I chuckled like a goddamn schoolgirl. And why? Because she liked watching me skate. Hell, most females liked watching hockey players on the ice. It didn’t mean anything, and she’d made that clear.

I grabbed my keys and climbed into my truck, driving the short distance to the ice rink.

When I pulled up, I hopped out of my truck and jogged up the walkway. When I opened the door, my hands fisted at my sides.

Brett Lewis was standing there, talking to Eloise. He had his arm up resting on the wall above her, almost like he was caging her in.

The conversation looked intense.

And Eloise didn’t look uncomfortable at all.

Brett fucking Lewis of all people.

Maybe she liked that fucker. Even though she knew I couldn’t stand the dude.

It felt like a punch to the gut, which made no sense, because she owed me nothing.

We were friends.

Professional friends.

And as much as I teased her about it, flirting and going back and forth with her—she’d just showed me her hand.

She did not see me that way.

Because if she did, she wouldn’t be getting cozy with my nemesis.

It was time to pull my head out of my ass.

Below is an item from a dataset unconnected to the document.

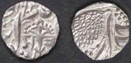 | Description / विवरण | Descrpn./Obv In the centre, a chhatra with Sa and Ta in Gurumukhi script on the left and right of its shaft; traces of the Persian legend seen on the obverse of the bigger Nanakshahi coins of Amritsar mint are also seen. Descrpn./Rev Big peepal leaf and traces of the Persian legend seen on the reverse of the bigger Nanakshahi coins of Amiritsar mint - Shri Amritsarjiv zarb [VS Year] Takht maimanat julus manus Akal Bakht. Especially traces of alif of Akal and te of Takht and maimanat are seen |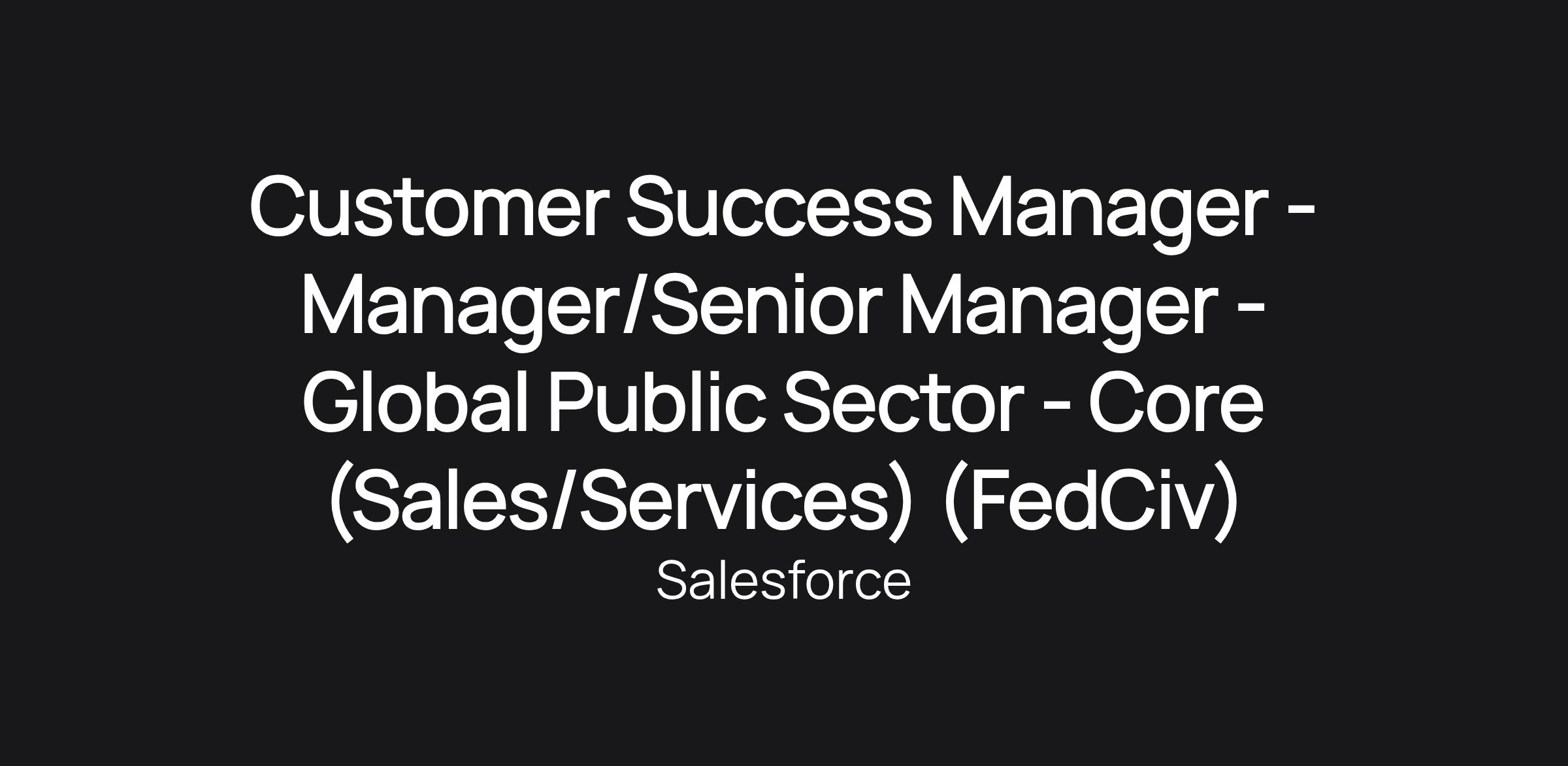 Customer Success Manager - Manager/Senior Manager - Global Public Sector - Core (Sales/Services) (FedCiv)

Eloise Gable did not want me.

Not the way that I wanted her.

Maybe it was time I got the message.

twelve

. . .

Eloise

“Take it easy, Chadwick,”I called out from the bleachers where I sat watching him.

He was clearly in a mood because he barely acknowledged me when he walked into the ice rink, nor had he given me the time of day since we made our way to the ice.

I’d been surprised to see Brett here when I arrived. I didn’t realize Moe, the man who ran this place, was his grandfather.

Brett had appeared a little down, and he ended up telling me that his father wasn’t doing well.

I may not be a fan of Brett Lewis, but I empathized with what he was going through. Watching someone you love battle cancer was painful and emotional and exhausting.

I lived it, and it had shaped my life in a huge way.

Losing my mother at a young age was traumatic and devastating, but watching her suffer—that had stayed with me

“Oh, are you one of Clark’s coaches?” a woman sitting a few seats away asked, and I turned to look at her. She was sitting with a friend and they appeared to be in their mid-twenties, both very attractive, and they were clearly here to watch Clark.